Let M(h) be the minimum number of nodes in an AVL tree of height h. In such a tree it can be shown that M(h) = M(h-1) + M(h-2) + 1. [You don’t need to know why to answer this question but it is based on the minimum nodes in the left subtree and right subtree plus the root.] Now using this fact, prove using mathematical induction that M(h) = F(h+3) – 1 where F(0) = 0, F(1) = 1, F(x) = F(x-1) + F(x-2) for x>1.

## Expert Answer

M(h) = M(h-1) + M(h-2) +1

We need to prove by induction

M(h) = F(h+3) – 1 Where F{0} = 0, F(1) = 1, F(x) = F(x-1) + F(x-2)

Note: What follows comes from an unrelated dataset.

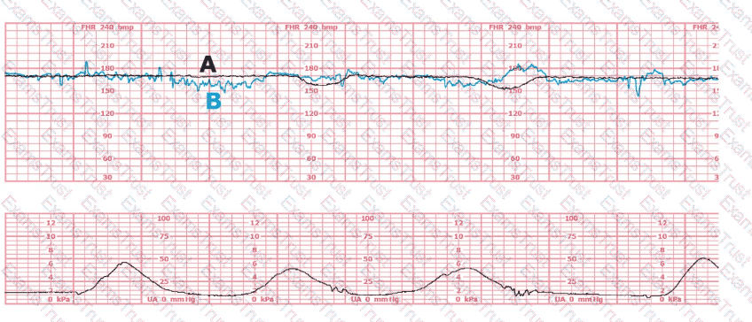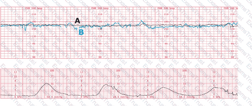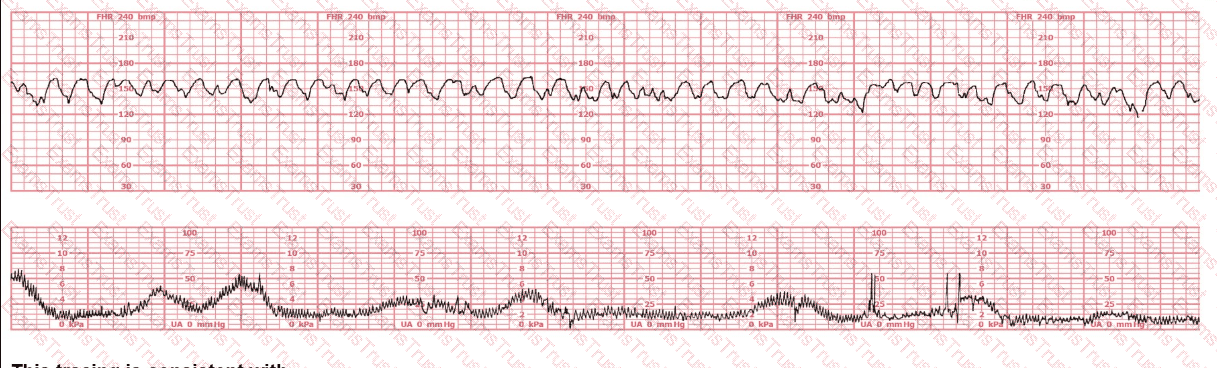 The black pattern represents the heart rate pattern for Baby A. The blue pattern represents the heart rate pattern for Baby B. A possible etiology of the baseline fetal heart rate of Baby A is:

The basic step h = 0 , we get M(h) as follows:

M(0) = F(3) -1

= F(2) + F(1) -1

= F(1) + F(0) + F(1) -1

= 1 + 0 + 1 -1

= 1 (Which is true)

Let us assume this holds for h = k then we need to prove for k+ 1 that

M(k+1) = F(k+4) – 1

Proof:

M(k+1) = M(k) + M(k-1) + 1 // As per the fact

= F(k+3) -1 + F(k+2) -1 + 1 As per the assumption which is true up to h=k

= F(k+3) + F(k+2) – 1

= F(k+4) -1 // As F(x) = F(x-1) + F(x-2)

Hence proved